------ Source data ------

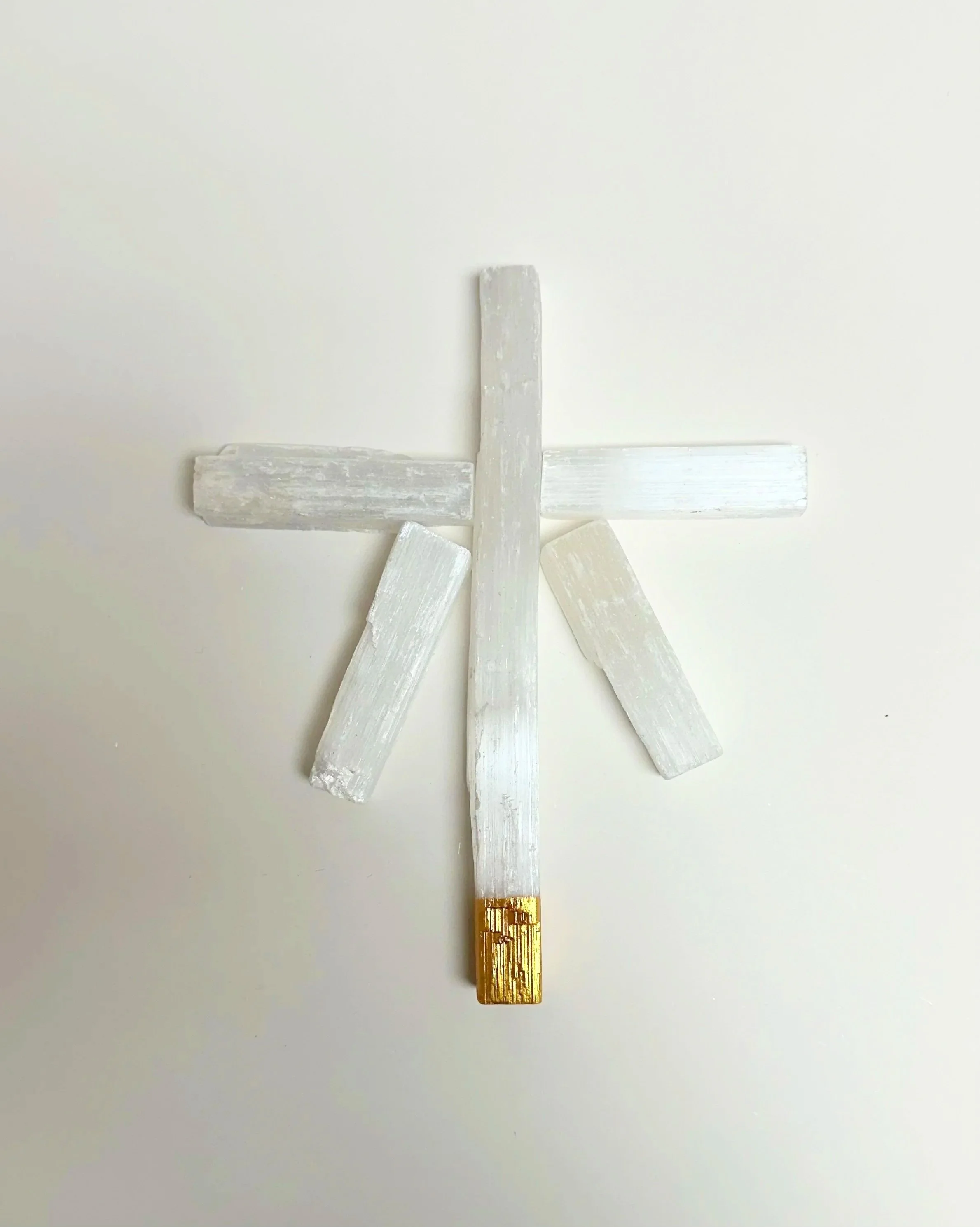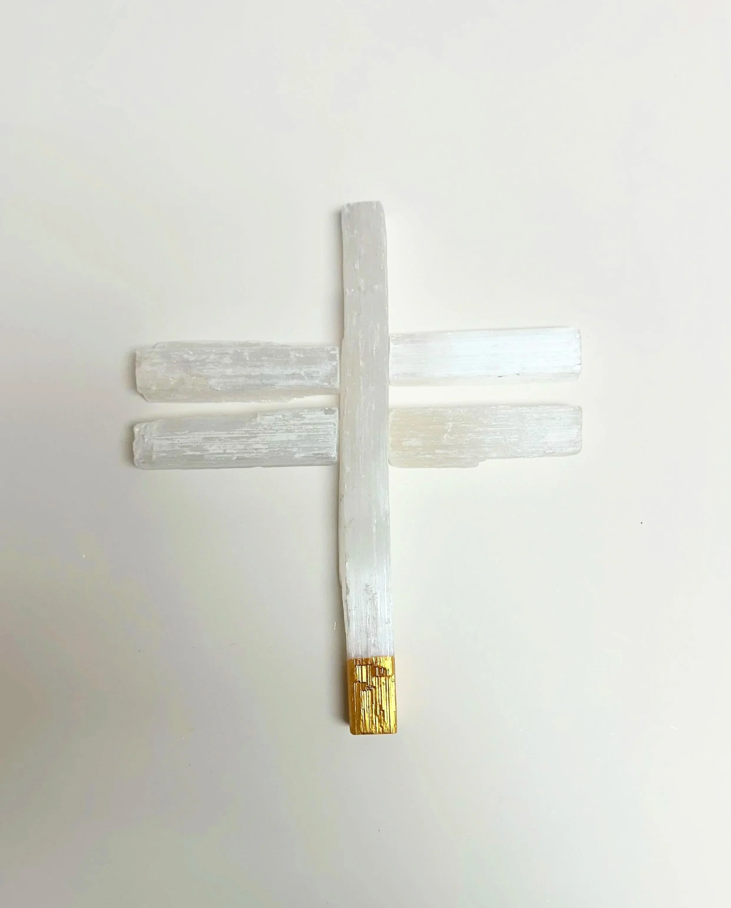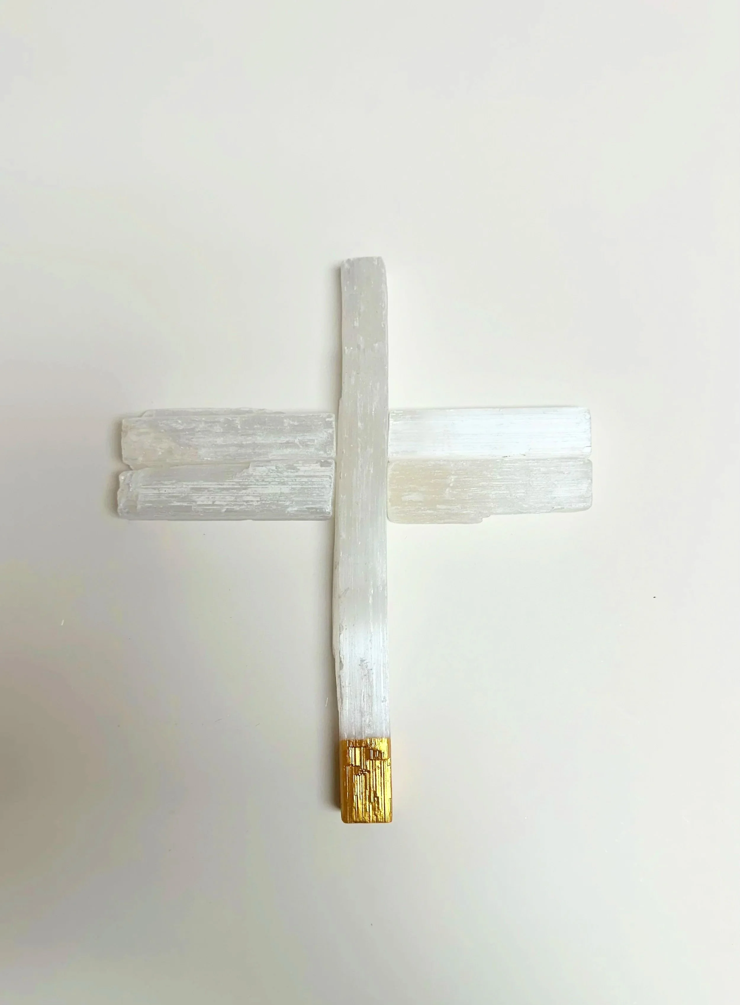 Selenite Cross dipped in gold
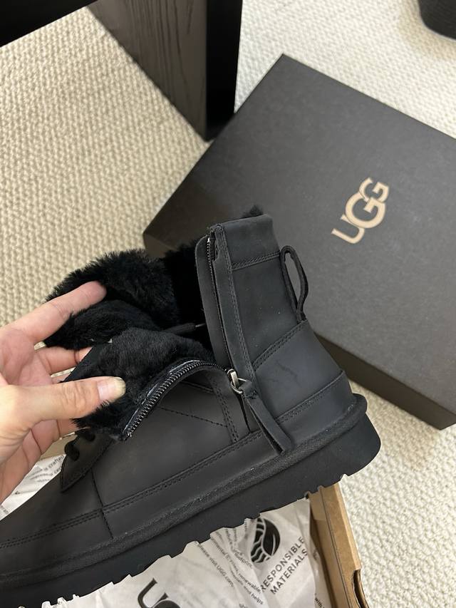 Ugg Men's Zippered Harland Series, Crazy Horse Leather. This leather has a matte finish and a double-color-changing effect from the oil and wax. Crazy Horse leather has unique scratches; the longer it's worn, the shinier it becomes
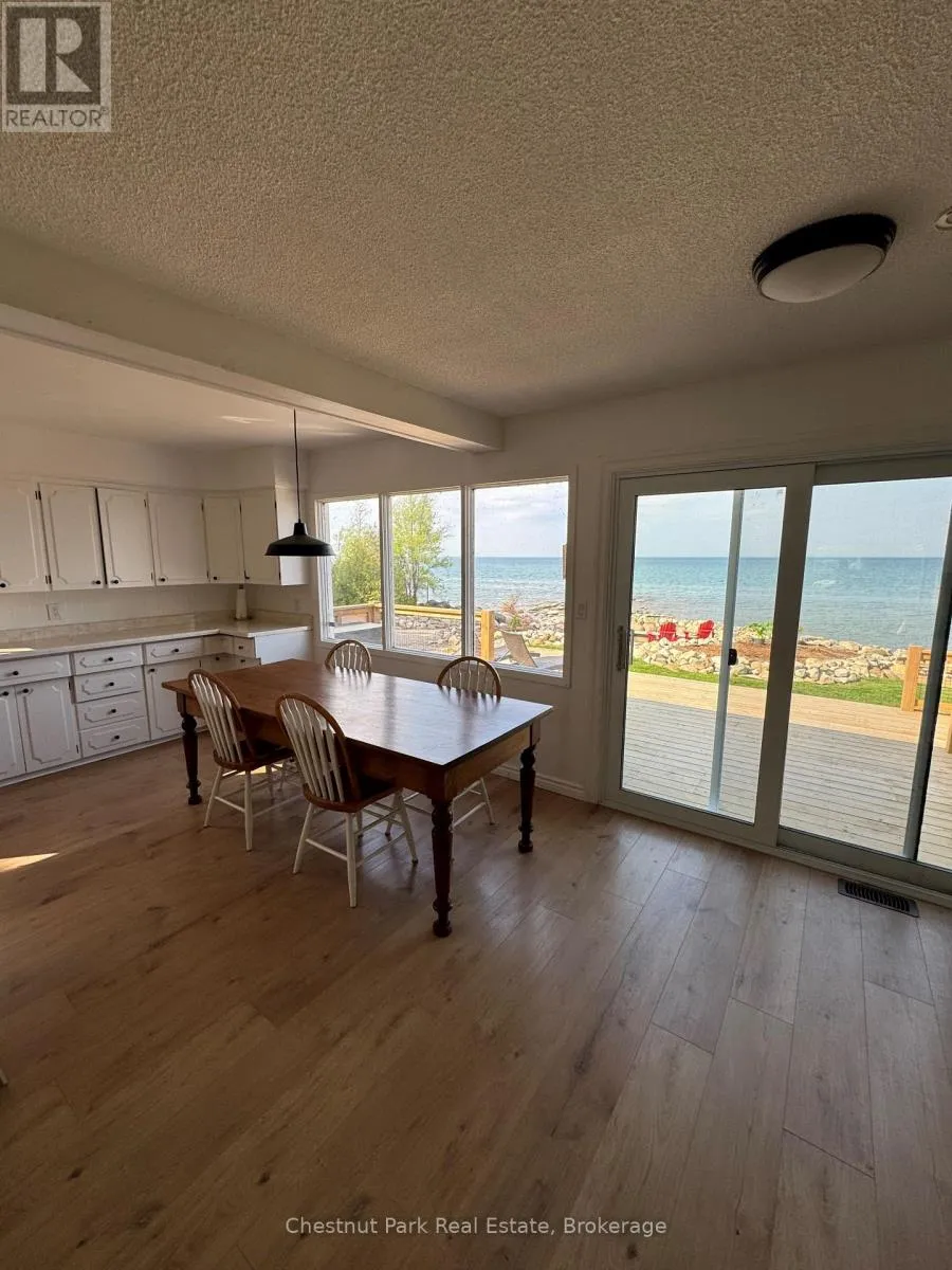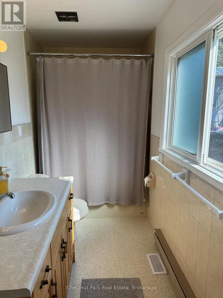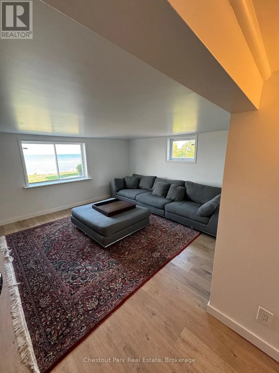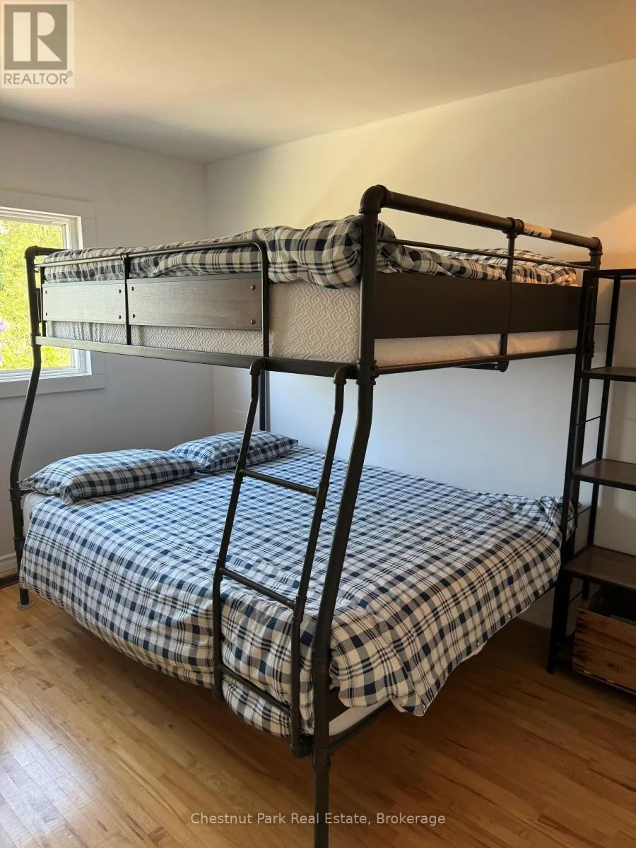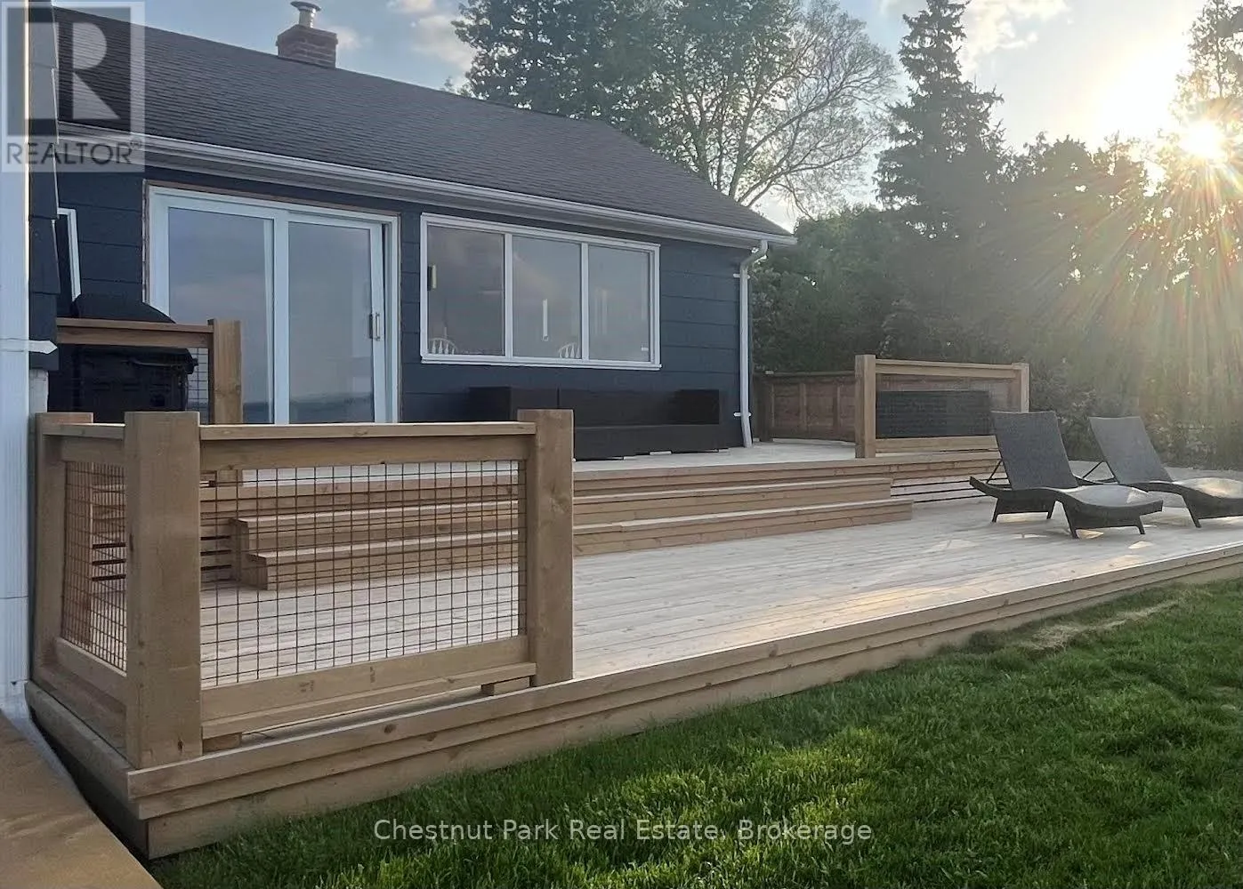 Cross Streets: Hwy 26. ** Directions: Heading west on Hwy 26, property is on the right hand side across from Circle K. ANNUAL lease on the beautiful shores of Georgian Bay! Available May 1'26.This charming Cape Cod inspired gem checks all the boxes! Enjoy 120' of PRIVATE waterfront with boat and beach access, lovely landscaped grounds and gardens, multiple outdoor seating areas, fire pit and an expansive wrap around wooden deck to take in the views! The combined kitchen/dining area is large, open and bright, complete with an oversized picture window and sliding door access to the beautiful deck, yard and waterfront! The adjacent living area offers plenty of seating with a wood burning fireplace and sliding doors to the front deck and large yard. Take a few steps up to the raised second level complete with a large primary bedroom overlooking the water, 2 additional good sized bedrooms (will fit queen sized beds), large linen closet and a 4 piece bath. A BONUS family room on the lower level provides a perfect over flow space with large above grade windows and water views. Parking is plentiful with space for 4 cars in the extra long driveway and one additional space in the detached garage. Please note this property can be leased unfurnished, partially furnished or fully furnished. This four season, waterfront home is conveniently located in Craigleith within minutes to both Collingwood and Thornbury, the area's many ski clubs and the Village at Blue! (id:27476)

------

What to produce. Please print the lines exactly, from the top of the material through the line with "Ugg Men's Zippered", and omit the pictures.

Output of the task.
 Selenite Cross dipped in gold
 Ugg Men's Zippered Harland Series, Crazy Horse Leather. This leather has a matte finish and a double-color-changing effect from the oil and wax. Crazy Horse leather has unique scratches; the longer it's worn, the shinier it becomes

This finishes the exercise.